Friday, December 15, 2017

Bitcoin Future-Spot Divergence



As of last night’s close, the price for a January bitcoin future was $1,171.21 higher than the price for a bitcoin. That means anyone could:
  • Buy one bitcoin for about $16,500
  • Sell a bitcoin future for about $17,500
  • Wait until January
  • Sell off the bitcoin and pay off the future contract
  • Pocket over $1,000.
That’s a return of ~6% in just one month, and you can lock it in instantly - once the bitcoin is bought and the future sold, their values will move in tandem, so there’s no risk of losing money. Normally, we expect these kinds of arbitrage opportunities to disappear quickly - especially for assets like bitcoin, which are easy to acquire and cost nothing to store. So why haven’t the prices converged?


If you want to know why an apparent arbitrage opportunity hasn’t disappeared, an easy way to find out is to try to exploit it, and see what stops you.


In this case, the main issue is that a bitcoin future is a future. Futures require both parties to hold margin: money available to cover their side of the contract as prices move. Usually, margin on a future isn’t huge, since prices aren’t too volatile. But bitcoin? Very volatile. That means very high margin requirements.


As usual, Interactive Brokers has everything you need to know on one page: margin requirement to sell a single bitcoin future is $40,000. Now, that margin can still earn interest while it’s sitting around, so it isn’t a “cost” per se. You don’t need to spend it in order to take advantage of the arbitrage opportunity. But you do need to have it available, and you can only arbitrage one bitcoin per $40,000 available.


This is still a pretty good opportunity, but you can only put so much money into it. That explains why small traders aren’t wiping out this arbitrage opportunity. So, next question: why aren’t the usual big institutions arbitraging away that price difference?


Usually, here’s how the situation would play out. A trader would buy a bitcoin and sell a future. Now, the trader would like to repeat this trade in order to make more money. So, the trader would go to a banker and say “hey, I have this low-risk arbitrage opportunity, I’d like to take out a loan collateralized by my one bitcoin in order to leverage my position.” Banks love collateral, so they’d give the trader a loan, and the trader would make the same trade again. Now the trader has another bitcoin, gets another loan, rinse, lather, repeat. In actual practice, many of the middle steps happen automatically, and the whole process is called “leveraging”.

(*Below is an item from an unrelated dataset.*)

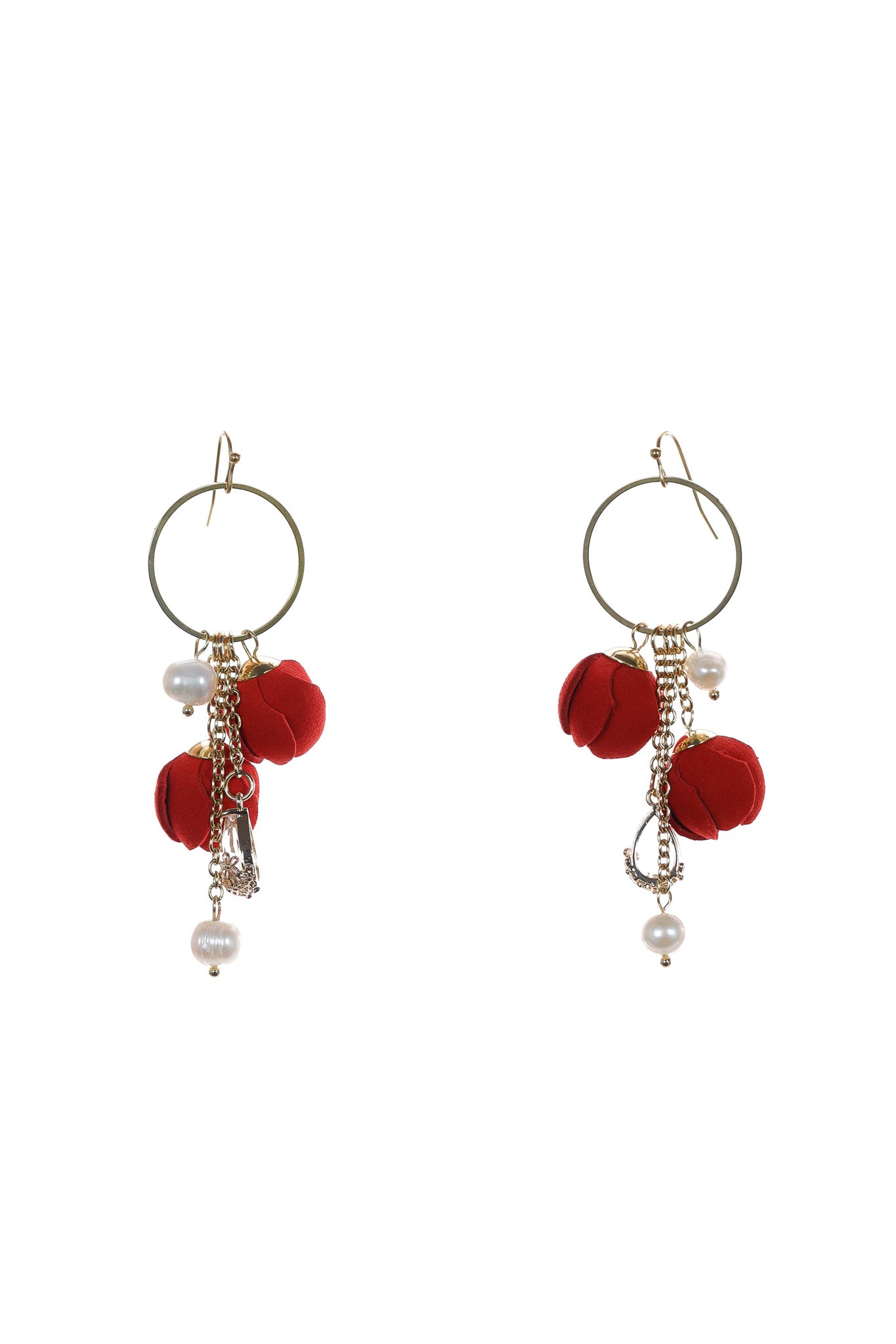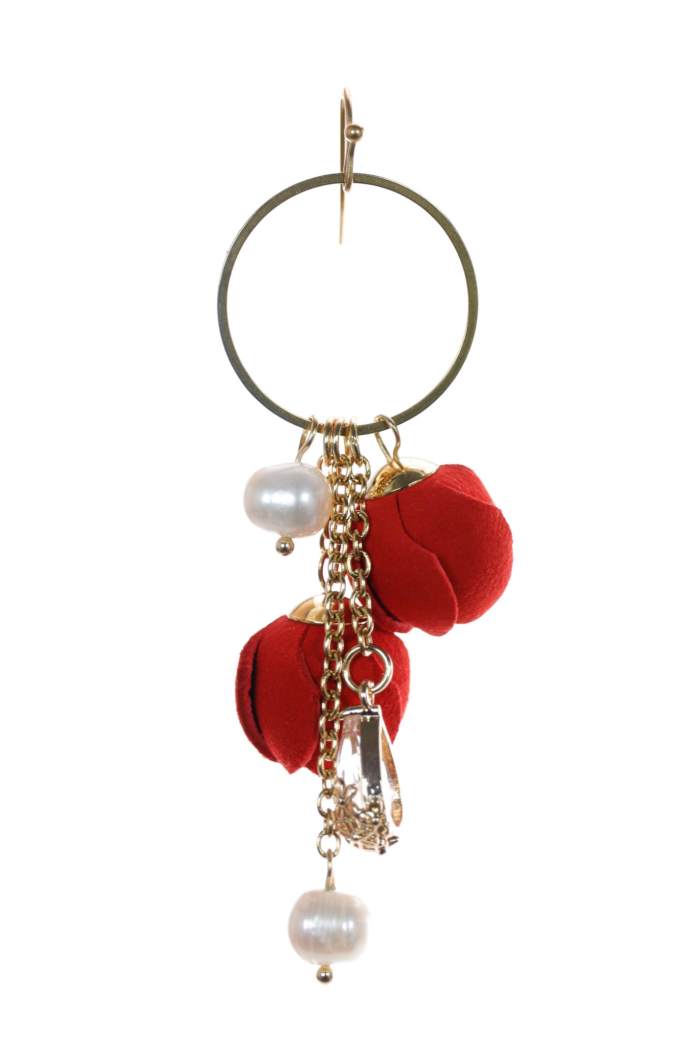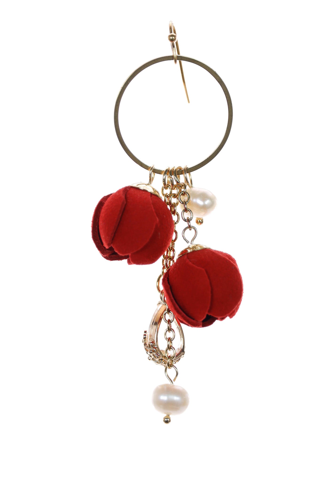 Acești cercei sunt statement datorită bogăției detaliilor! Inelul mare, auriu, e baza perfectă pentru cascada de charm-uri care cad elegant. Ai flori roșii din piele, care aduc culoarea clasică de Crăciun, combinate cu perle strălucitoare și lanțuri aurii. Efectul este unul de bijuterie prețioasă și tradițională.

With bitcoin, this is not so easy. Good luck finding a banker who will make a loan collateralized by bitcoin (i.e., look for a margin account which allows direct bitcoin trading). Even setting aside that issue, a trader would also have to borrow for the futures’ margin requirement. Now, the whole arbitrage together is actually very low risk, so it should be possible in theory to get a loan to do this… but it would require a personal relationship with a banker who understands the nitty-gritty and is willing to dip their toe in untested waters.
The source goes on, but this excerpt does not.